A joint venture of AETN and Astro Malaysia Holdings launched the History Channel in Singapore, Hong Kong, Thailand, the Philippines, Malaysia, Indonesia, Vietnam and Brunei in the second and third quarters of 2007, and in Taiwan and China by the end of the year. Some other Asian countries, such as Kuwait, Israel, and Japan, have their own versions of the network.

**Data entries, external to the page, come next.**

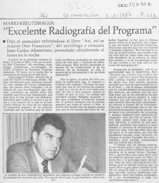 Mario Kreutzberger, "Excelente radiografía del programa" [artículo].
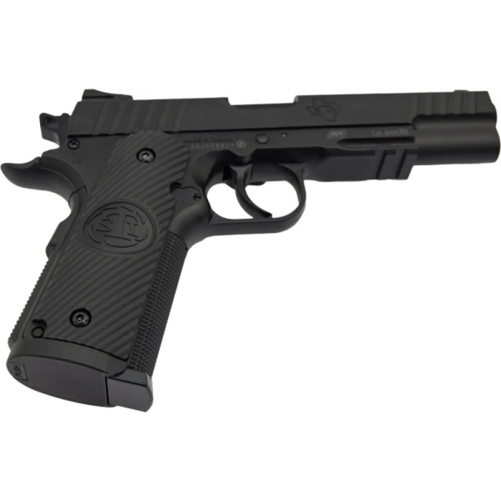 Пістолет ASG моделі STI Duty One виготовляються як у звичайній версії, так і у версії з імітацією перезаряджання (відкатом затворної рами при пострілі) – BLOWBACK Функція BLOWBACK абсолютно не впливає на політ кульки, при цьому створюючи відчуття використання бойового пістолета.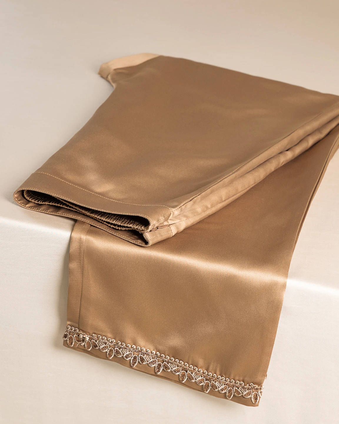 Product Description: Luxury Double Silk Regular Fit Bottom has wide hem details, has hemline lace detyails, has side zipper with hook details, has front waist band & back side has elastic.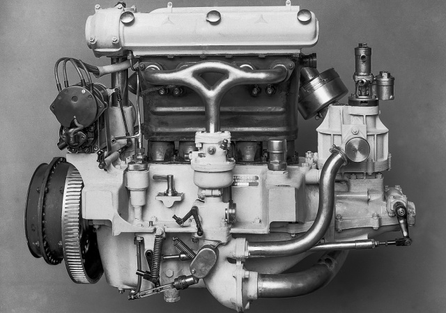 Motor des Mercedes 6/40/65 PS. Dieser erste 1,5-Liter-Vierzylinder-Rennmotor mit Kompressor (im Bild rechts) hat bei dem Straßenrennen in Sizilien Premiere. Er leistet 49 kW (79 PS) mit zugeschaltetem mechanischem Lader.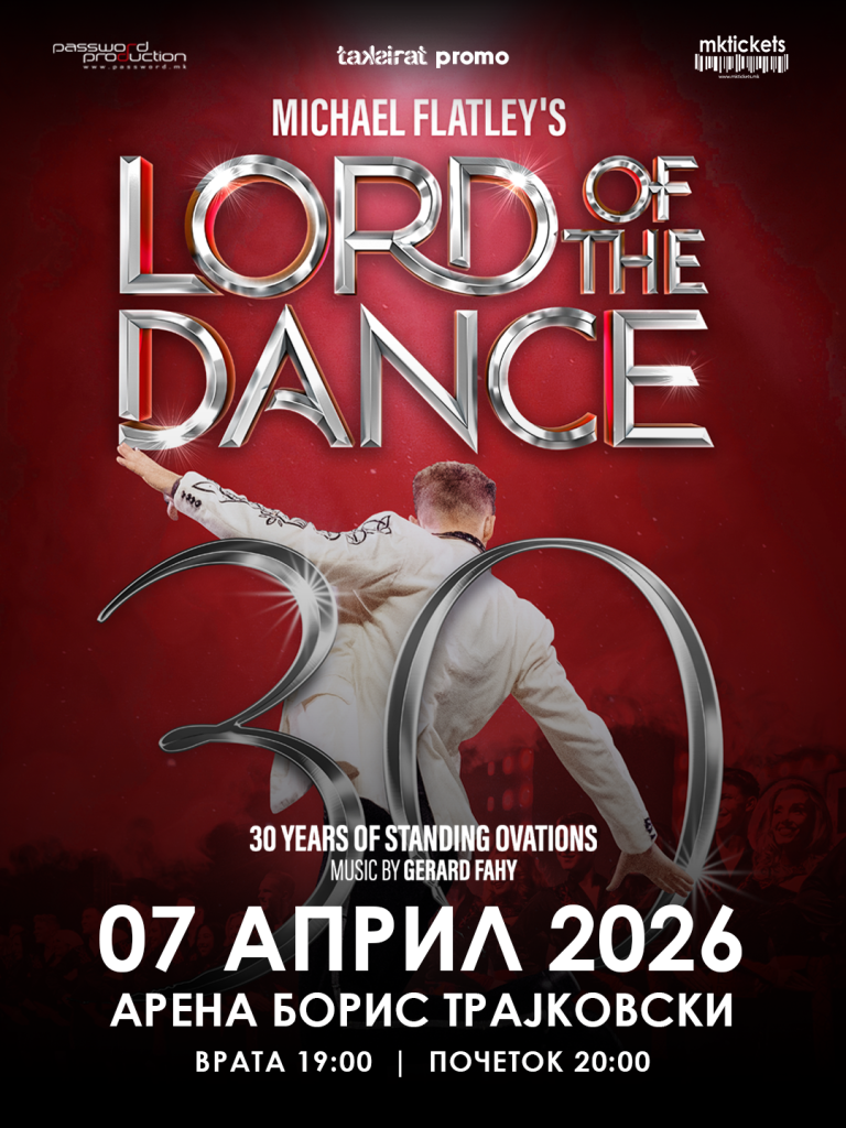 На 7 април 2026 година, ирското музичко-танцово мајсторство што веќе 30 години го воодушевува светот пристигнува во Скопје, LORD OF THE DANCE во арена „Борис Трајковски“.

On September 1, 2008, History Channel Asia was officially launched in Singapore and Hong Kong followed by the Philippines.

==== South Korea ====
The South Korean version of History Channel was launched on September 22, 2017, replacing the Southeast version that was previously transmitted. After the launch, A+E networks Korea launched an original series program called History in the Bottle (말술클럽).

=== Latin America ===
The Latin American version was launched in 2001. It is owned by A&E and controlled in the region by Ole Distribution. It airs US programming, translated to Spanish or Portuguese or in English with Spanish or Portuguese subtitles. Also, it develops some Latin American programming in Spanish.

=== Oceania ===
==== Australia and New Zealand ====

The Australian version of History, now Real History, is operated by Foxtel and the programming and name of the channel were previously licensed to them by A&E Networks, from 1998 to 2024.

=== Africa ===

The History Channel was launched on December 1, 2003, on the DStv satellite TV platform provided by MultiChoice in South Africa for Sub-Saharran Africa; it is currently on the DStv Compact Plus package.